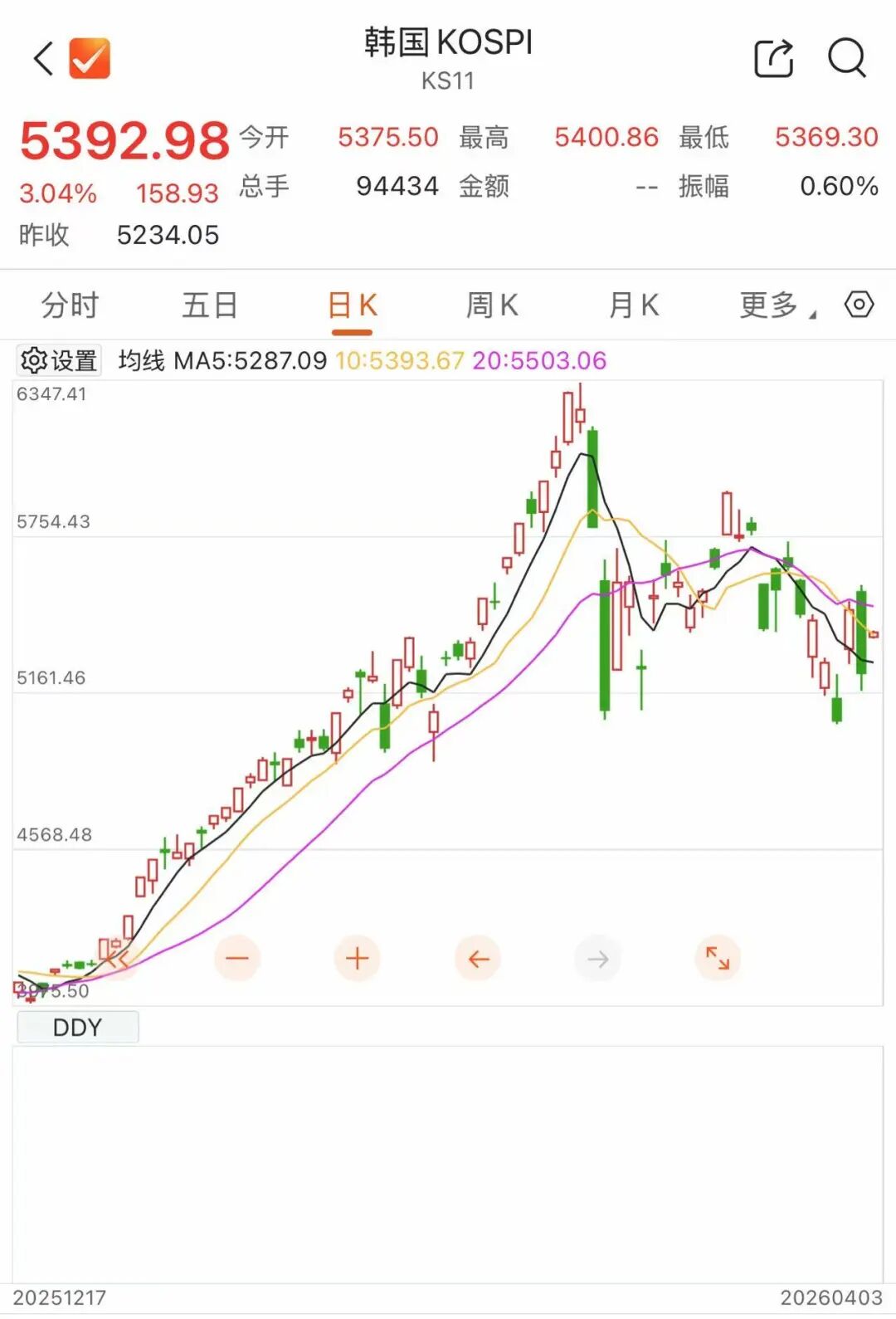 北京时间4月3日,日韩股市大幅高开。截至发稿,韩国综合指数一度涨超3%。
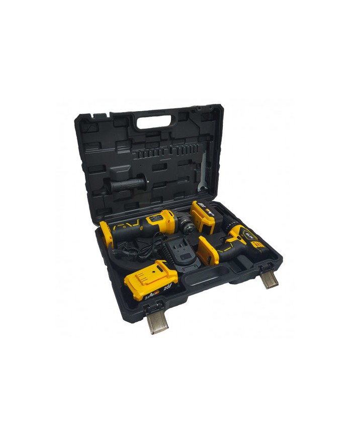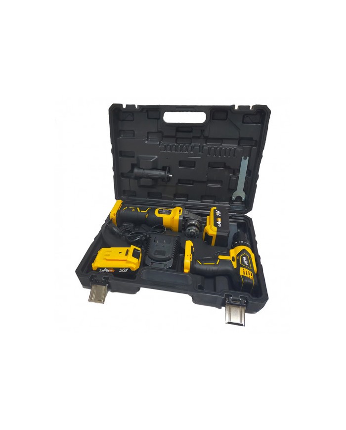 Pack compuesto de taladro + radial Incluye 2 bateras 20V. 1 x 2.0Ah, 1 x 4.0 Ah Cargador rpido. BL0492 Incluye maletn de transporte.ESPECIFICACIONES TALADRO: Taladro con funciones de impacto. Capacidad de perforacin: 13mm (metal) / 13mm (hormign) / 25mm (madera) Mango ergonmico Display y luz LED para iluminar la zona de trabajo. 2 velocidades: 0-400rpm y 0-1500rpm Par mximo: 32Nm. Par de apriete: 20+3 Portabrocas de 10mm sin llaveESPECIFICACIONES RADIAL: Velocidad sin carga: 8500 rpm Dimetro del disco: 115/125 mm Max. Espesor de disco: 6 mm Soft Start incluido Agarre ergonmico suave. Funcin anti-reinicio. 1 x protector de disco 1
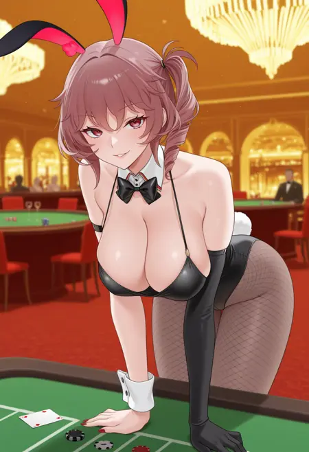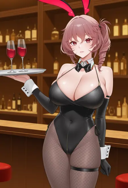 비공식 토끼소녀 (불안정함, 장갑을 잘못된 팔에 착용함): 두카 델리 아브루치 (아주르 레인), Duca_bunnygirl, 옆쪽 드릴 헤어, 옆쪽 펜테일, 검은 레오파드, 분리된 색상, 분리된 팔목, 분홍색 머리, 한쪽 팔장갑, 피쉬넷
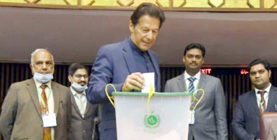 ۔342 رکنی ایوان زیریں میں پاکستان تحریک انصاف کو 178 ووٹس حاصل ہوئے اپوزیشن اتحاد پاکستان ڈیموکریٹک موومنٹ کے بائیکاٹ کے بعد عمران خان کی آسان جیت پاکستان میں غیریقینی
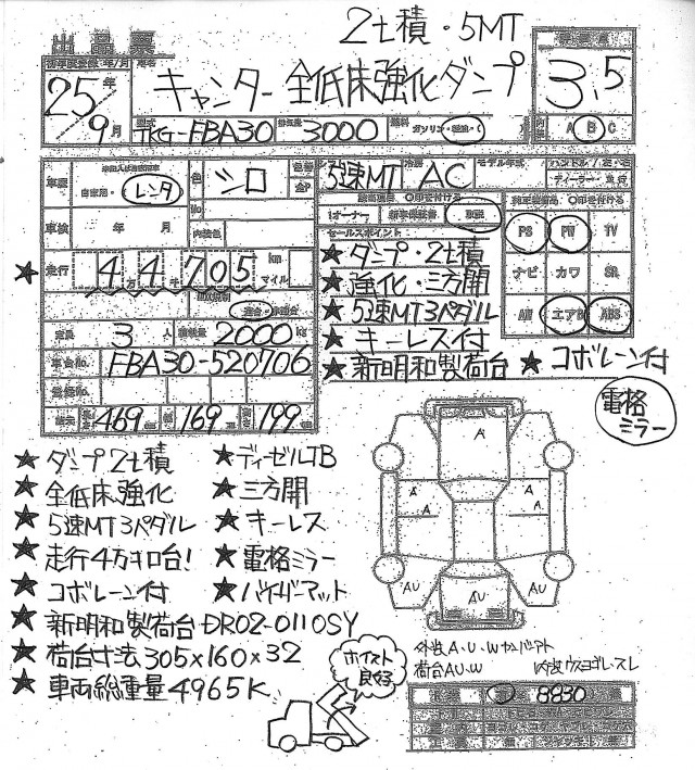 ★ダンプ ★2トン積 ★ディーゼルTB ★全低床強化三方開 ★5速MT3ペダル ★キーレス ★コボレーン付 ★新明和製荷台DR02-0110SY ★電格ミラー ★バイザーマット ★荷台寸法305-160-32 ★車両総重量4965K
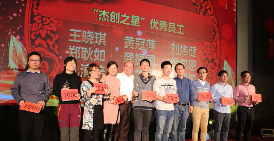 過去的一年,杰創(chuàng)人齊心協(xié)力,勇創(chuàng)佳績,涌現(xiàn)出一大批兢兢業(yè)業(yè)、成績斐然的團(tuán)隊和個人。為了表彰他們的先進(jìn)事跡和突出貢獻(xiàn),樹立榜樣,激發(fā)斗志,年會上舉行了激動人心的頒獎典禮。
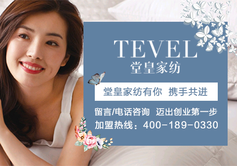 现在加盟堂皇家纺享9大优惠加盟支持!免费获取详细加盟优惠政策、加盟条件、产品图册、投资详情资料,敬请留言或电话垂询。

---------------

**Exercise**
Write the entries above out again exactly, omitting each image.

**Result of the exercise**
 北京时间4月3日,日韩股市大幅高开。截至发稿,韩国综合指数一度涨超3%。
 Pack compuesto de taladro + radial Incluye 2 bateras 20V. 1 x 2.0Ah, 1 x 4.0 Ah Cargador rpido. BL0492 Incluye maletn de transporte.ESPECIFICACIONES TALADRO: Taladro con funciones de impacto. Capacidad de perforacin: 13mm (metal) / 13mm (hormign) / 25mm (madera) Mango ergonmico Display y luz LED para iluminar la zona de trabajo. 2 velocidades: 0-400rpm y 0-1500rpm Par mximo: 32Nm. Par de apriete: 20+3 Portabrocas de 10mm sin llaveESPECIFICACIONES RADIAL: Velocidad sin carga: 8500 rpm Dimetro del disco: 115/125 mm Max. Espesor de disco: 6 mm Soft Start incluido Agarre ergonmico suave. Funcin anti-reinicio. 1 x protector de disco 1
 비공식 토끼소녀 (불안정함, 장갑을 잘못된 팔에 착용함): 두카 델리 아브루치 (아주르 레인), Duca_bunnygirl, 옆쪽 드릴 헤어, 옆쪽 펜테일, 검은 레오파드, 분리된 색상, 분리된 팔목, 분홍색 머리, 한쪽 팔장갑, 피쉬넷
 ۔342 رکنی ایوان زیریں میں پاکستان تحریک انصاف کو 178 ووٹس حاصل ہوئے اپوزیشن اتحاد پاکستان ڈیموکریٹک موومنٹ کے بائیکاٹ کے بعد عمران خان کی آسان جیت پاکستان میں غیریقینی
 ★ダンプ ★2トン積 ★ディーゼルTB ★全低床強化三方開 ★5速MT3ペダル ★キーレス ★コボレーン付 ★新明和製荷台DR02-0110SY ★電格ミラー ★バイザーマット ★荷台寸法305-160-32 ★車両総重量4965K
 過去的一年,杰創(chuàng)人齊心協(xié)力,勇創(chuàng)佳績,涌現(xiàn)出一大批兢兢業(yè)業(yè)、成績斐然的團(tuán)隊和個人。為了表彰他們的先進(jìn)事跡和突出貢獻(xiàn),樹立榜樣,激發(fā)斗志,年會上舉行了激動人心的頒獎典禮。
 现在加盟堂皇家纺享9大优惠加盟支持!免费获取详细加盟优惠政策、加盟条件、产品图册、投资详情资料,敬请留言或电话垂询。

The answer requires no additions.